Enter TastEd. Based on the Sapere method of sensory education, TastEd is a way to broaden children’s exposure to a wide range of foods, while respecting their individual likes and dislikes. Something that food historian and writer Bee Wilson – author of First Bite: How We Learn to Eat and one of TastEd’s co-founders, recognises as a problem.
“Whatever our age, we tend to eat what we like and we like what we know. So many efforts to get children to eat better fail because there is too much sense of ‘should’ and not enough respect for the role of appetite. We have no hope of changing children’s eating habits for the better unless we can help them to learn new tastes.”

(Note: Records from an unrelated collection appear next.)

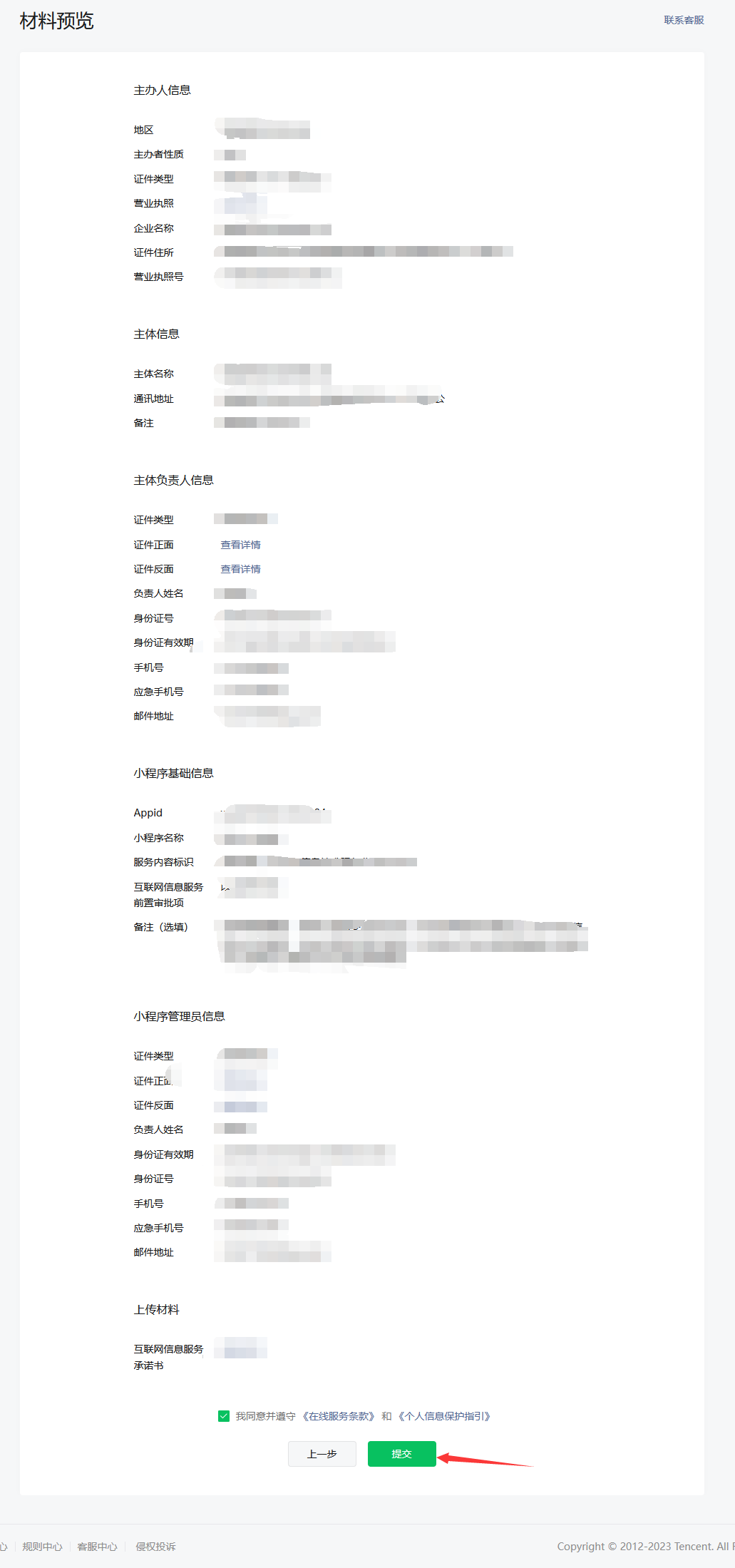 備案信息填寫:登錄小程序填寫備案信息,并上傳材料。其中包括主體信息填寫、主體負責人信息填寫、小程序信息填寫以及小程序負責人信息填寫及人臉核驗。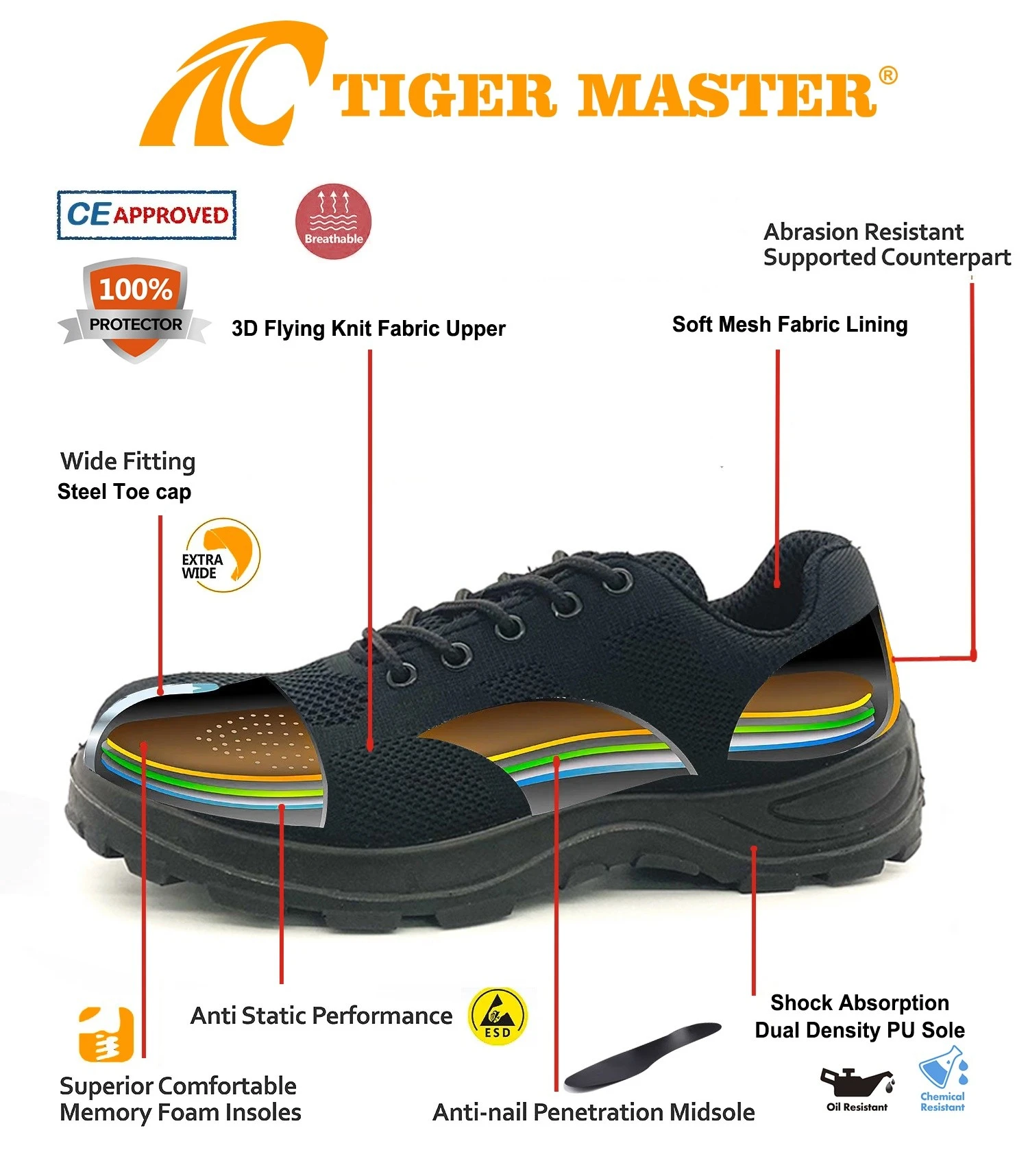 8. Les chaussures Tiger Master Safety sont utilisées pour les travailleurs afin d'empêcher les blessures de l'emploi. Votre sécurité est toujours notre préoccupation!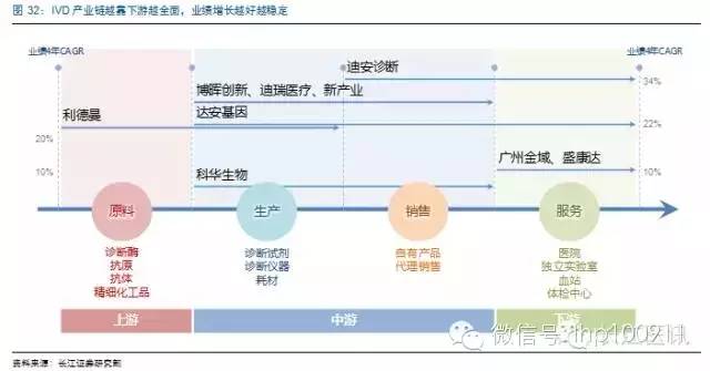 比較行業(yè)內(nèi)主要的幾家公司產(chǎn)業(yè)鏈布局和利潤增長情況也可發(fā)現(xiàn),產(chǎn)業(yè)鏈越齊全越靠下游,業(yè)績越好越穩(wěn)定。迪安診斷深耕華東第三方獨立診斷試驗室市場,業(yè)績增長迅速,潛力巨大。達安基因布作為分子診斷龍頭,以中山大學(xué)醫(yī)學(xué)體系為依托,獨立診斷實驗室為平臺,布局產(chǎn)業(yè)鏈生產(chǎn)、銷售、服務(wù)領(lǐng)域。而廣州金域、利德曼等公司布局產(chǎn)業(yè)鏈較短則同期增速在10%左右,目前利德曼正不斷加大上游原料研發(fā)力度并升級原有生化診斷產(chǎn)品,未來有獲得產(chǎn)業(yè)鏈協(xié)同收益。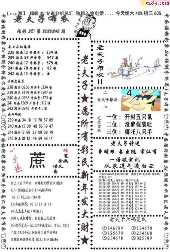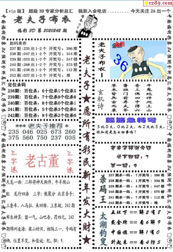 老夫子布衣2026018期3d图谜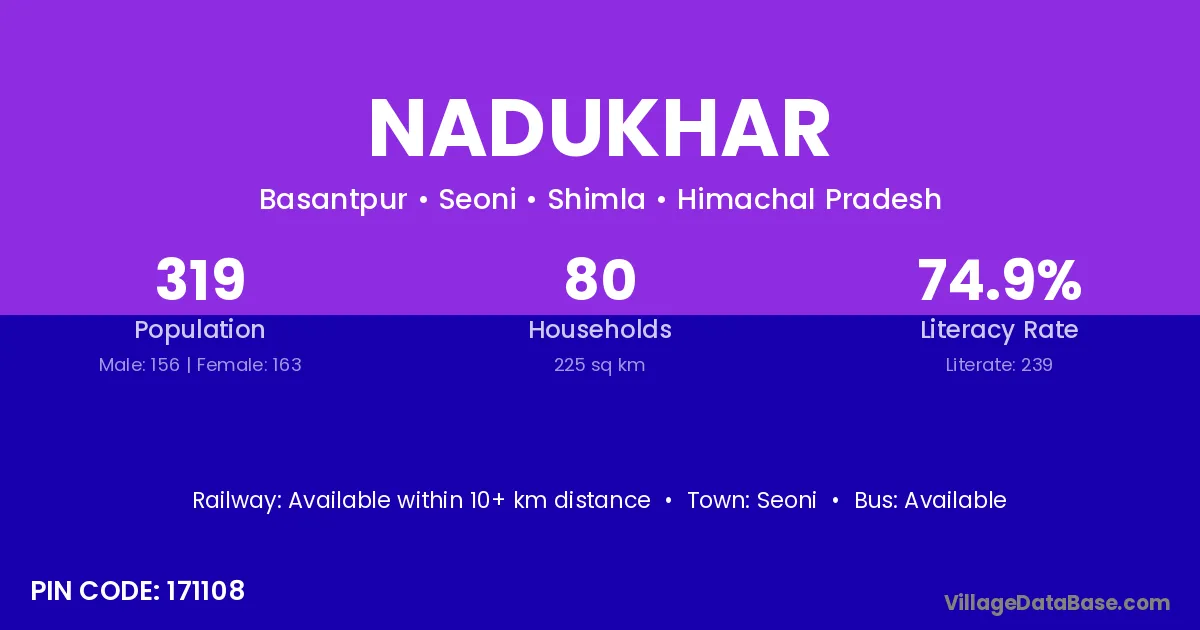 Nadukhar village is located in the Seoni Tehsil of the Shimla district in Himachal Pradesh .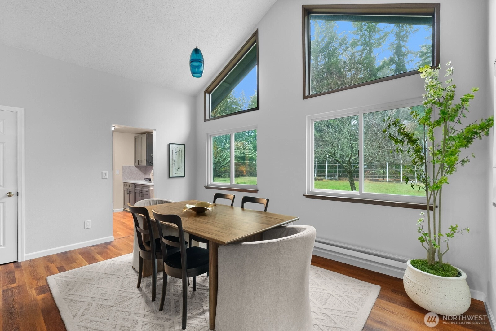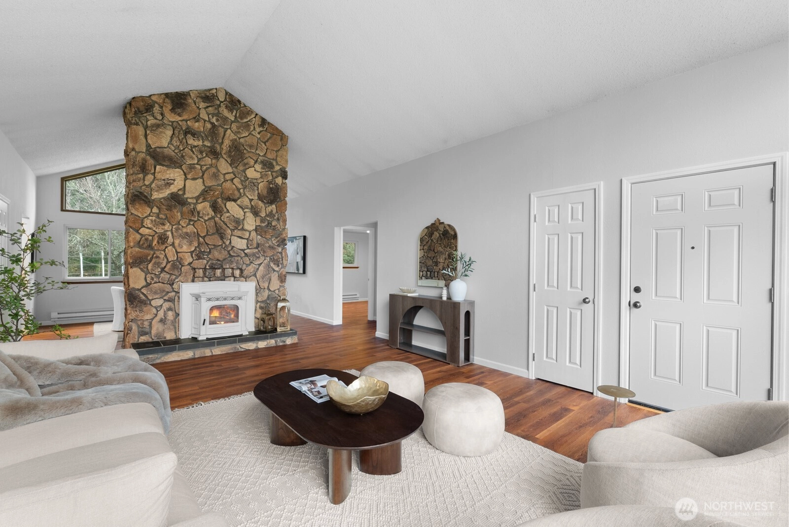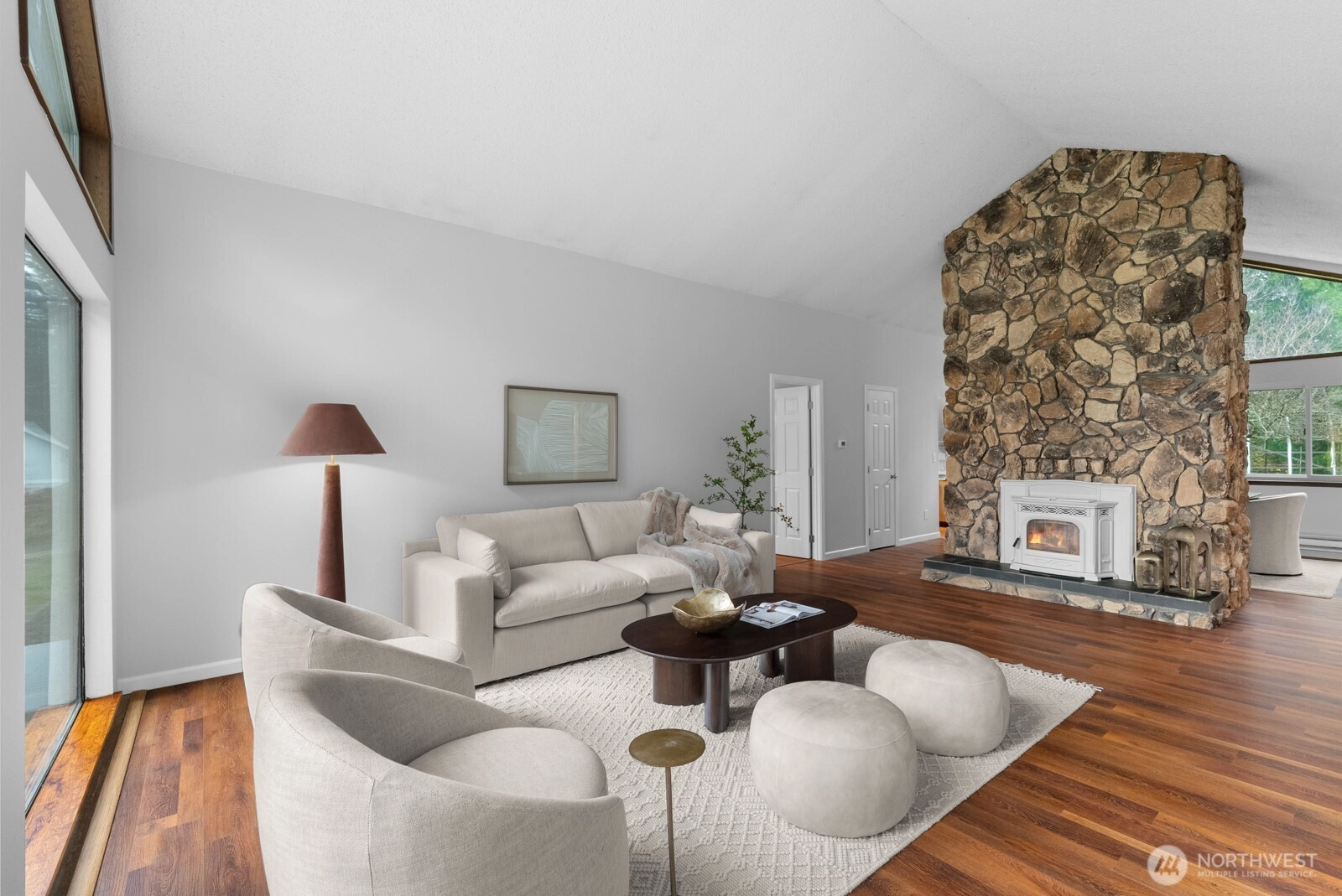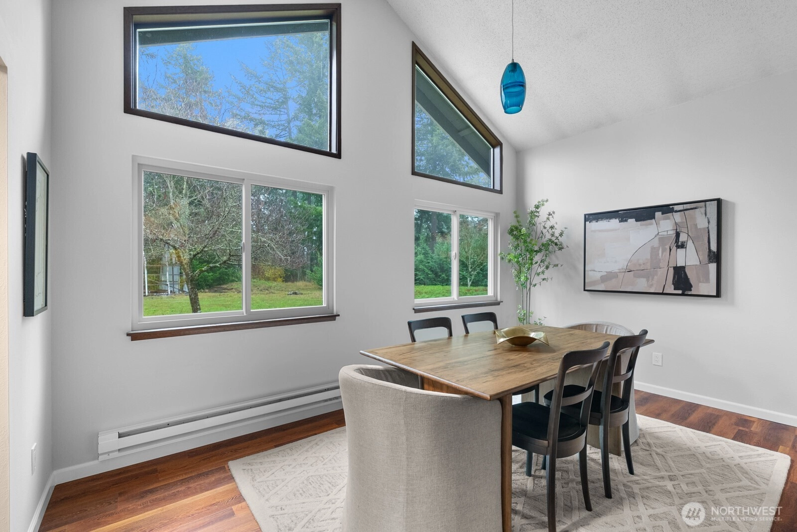 Discover this inviting 3-bedroom, 1.75-bath Mid-Century Modern home tucked away on just over an acre in Tenino! Thoughtful architectural details shine throughout, including vaulted ceilings and expansive living-room windows that fill the space with natural light! Enjoy two pellet fireplaces—one in the additional living room and one connecting the living and dining areas—perfect for warmth and ambiance. A fully wired generator system is already in place, ensuring power is always available! Home also features an updated kitchen, new LVP flooring throughout, updated bathrooms and a spacious garage/workshop ideal for projects or extra storage. Peaceful setting with room to breathe, yet close to town conveniences. A must-see sanctuary!

Sapere (meaning to taste and to know in Latin) was developed in France, by scientist Jacques Puisais who created the first ‘taste education’ classes. The method was widely adopted in Finland and Sweden – in Finland, sensory education, is part of all primary school learning – and there is now an international association dedicated to promoting the approach across Europe. Internationally, it reflects and promotes the local culture: in Norway, children are introduced to herring and cloudberries, foods that were being lost. TastEd UK was coached into existence by Stina Algotson, who has been teaching Sapere sensory food education in Sweden for more than 20 years.
Bee tells us: “The two golden rules of TastEd are that no one has to try and no one has to like anything. We have found that saying these words has an almost magical effect on the atmosphere in the room, because suddenly children are free to try new foods with a feeling of freedom rather than duty.”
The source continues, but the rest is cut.